Se aconseja quedarse en casa durante la Navidad. Esto, que suena a frase publicitaria, lo dice Hans Henri P. Kluge, director regional de la Organización Mundial de la Salud (OMS) para Europa. La llamada involucra a la supresión de reuniones familiares para combatir la expansión de la COVID-19. No es un personaje cualquiera encargado de accionar el telar de la salud internacional. Y, aunque lo fuera, su advertencia merece ser tenida en cuenta con la que está cayendo. Este virus adoptado por fuerza como otros más de la familia ha trastocado nuestra vida. La ilusión preparativa de las fiestas navideñas ha perdido su dimensión gozosa. Las celebraciones que se preparaban ya no son el aperitivo de comilonas grasientas y juergas de infarto que vivían su resaca durante las rebajas de enero. Berlanga trasformó la caridad cristiana de ‹‹siente a un pobre en su mesa››, con alma de publicidad franquista, en una genialidad llamada Plácido. Ahora, contra menos seamos, mejor por misericordia.

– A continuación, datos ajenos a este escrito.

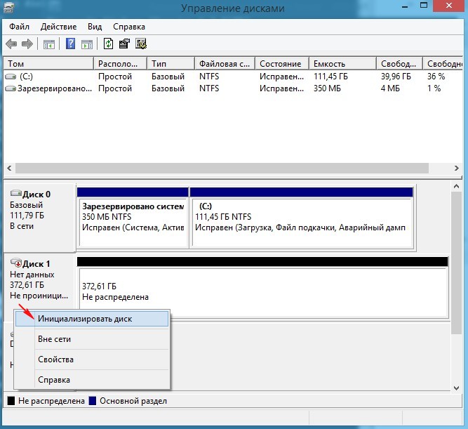Перед созданием одного единственного раздела диск нужно инициализировать. Щёлкаем на Диске 1 правой мышью и выбираем Инициализировать диск.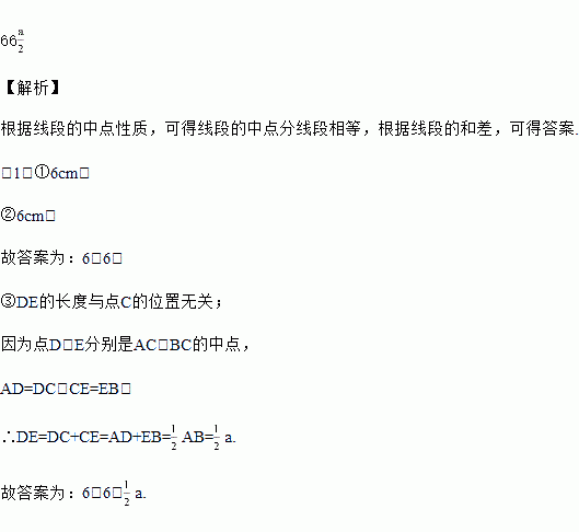 (1)如图,已知AB=12cm,点C为线段AB上的一个动点,D、E分别是AC、BC的中点;①若点C恰为AB的中点,则DE=_______cm;②若AC=4cm,则DE=________cm;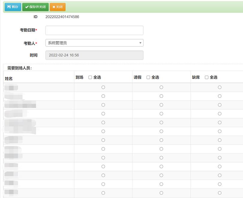 组会考勤人员对考勤进行管理,考勤人员选择组会,系统列出该组会需要到场人员,考勤人员对到场人员和汇报人员进行勾选。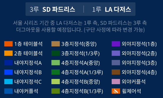 1월 26일부터 LA다저스 대 SD 파드리스의 경기 예매가 가능합니다. 나머지 경기도 예매일을 잘 확인하시고 직관하실 분이라면 티켓을 꼭 예매하시기 바랍니다.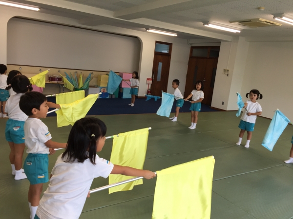 今年の年長組は、運動会でフラッグ&ガード隊に挑戦します‼

La presencia del coronavirus es mortífera y efectiva, está matando lentamente como una rata que roe con templanza tibetana el hueco de una sociedad creída invulnerable. La propagación de esta pandemia no distingue entre mundo pobre y rico sino precavidos e inconscientes que niegan lo molesto para su paranoia política. Las víctimas duelen en ambos casos aunque con intensidad diferente.

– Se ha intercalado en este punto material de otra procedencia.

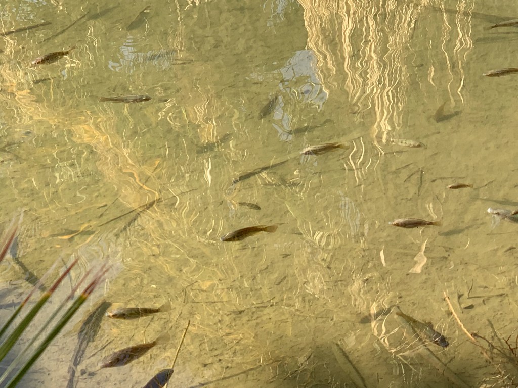 A short walk across a hot and dusty parking leads to the shadowed entrance of the oasis. After the heat of the desert sun, the sudden shade cools your skin. Under the canopy of palms, a small stream runs by the walking path. If you look hard, you will see tiny, almost transparent pupfish. At the edges of the running water, brackish water adds a pungent tang to the soft breeze that rustles the palms fronds.

El hombre es un animal rebelde; una bestia acostumbrada a tropezar las veces que haga falta en la misma piedra. Los que saben no se cansan de avisarnos sobre el peligro descubierto y desconocido del coronavirus; y tú, que si quieres. Los gobernantes de turno, cada uno según sople el viento en su tierra, reducen las ciudades a tableros cuarteados por zonas sin sentido. Las calles son frentes de guerra opuestos ante un enemigo común incapaz de neutralizar. Sus adornos, un cachondeo luminoso que intenta parchear un problema gordo sin resolver por descoordinación, intereses personales, desconocimiento o incapacidad. ¿Para qué tanta guirnalda externa si el espíritu navideño que incita a la convivencia hace tiempo que se paró? Ahora, se llama miedo. Y ninguna presidenta de comunidad, por terca y campeadora que se ponga, va a doblegar la curva mortal con palabros que su gobierno circense maneja como pulgas amaestradas. El asincronismo regional a la hora de concretar actuaciones restrictivas para frenar al coronavirus asusta. Cada presidente comunitario reduce al bicho vestido de pastorcillo caciquil. Las medidas previsoras se han relajado con puentes festivos animados por las vacunas cercanas. Mientras que Alemania, Francia o Italia se blindan con austeridad, el villancico no ha calado en España.
La llamada al gasto excesivo por estas fechas no está implicando un consumo al alza. Esta actitud, en vez de reactivar la economía, mantiene la longevidad de la contratación temporal y el empleo precario. Las últimas semanas de diciembre se han convertido en un belén de saldo desde que a una mente sin ideas coherentes se le ocurrió acuñar el término ‹‹salvemos la Navidad››. El puente de la Constitución, convertido en acueducto, ha relajado la poca contención ciudadana para viajar. Los motores calientan una escapada vacacional con aroma familiar que, muchas veces, termina en discusión. La catástrofe del contagio se mueve por olas: en España vamos camino de la tercera. Las proporciones del maremoto son inimaginables porque los retos desconocidos nos ponen cachondos. Mientras, el Consejo Interterritorial de Salud se ha reunido para decir más de lo mismo: nada concreto, y hacer lo que mejor sabe: abofetearse. Su incompetencia dialogante es el mazapán revenido regalado a un pueblo que se conforma con sucedáneos trufados de respeto. El aroma a mercadillo sin aforo limitado para los insultos y tonterías indigna. Esto no es Navidad sino un paripé que algunos quieren conservar como tradición cultural. La Navidad es algo personal alejado de la fiebre consumista excitada por fenómenos como el ‹‹viernes negro››. Quizás las restricciones que la epidemia global impone hagan pensar sobre el significado de una celebración que mueve patrones sociales y económicos conscientes. Porque una vez al año, ya se sabe, no hace daño. Es preferible salvar vidas antes que celebrar navidades, ¿o no?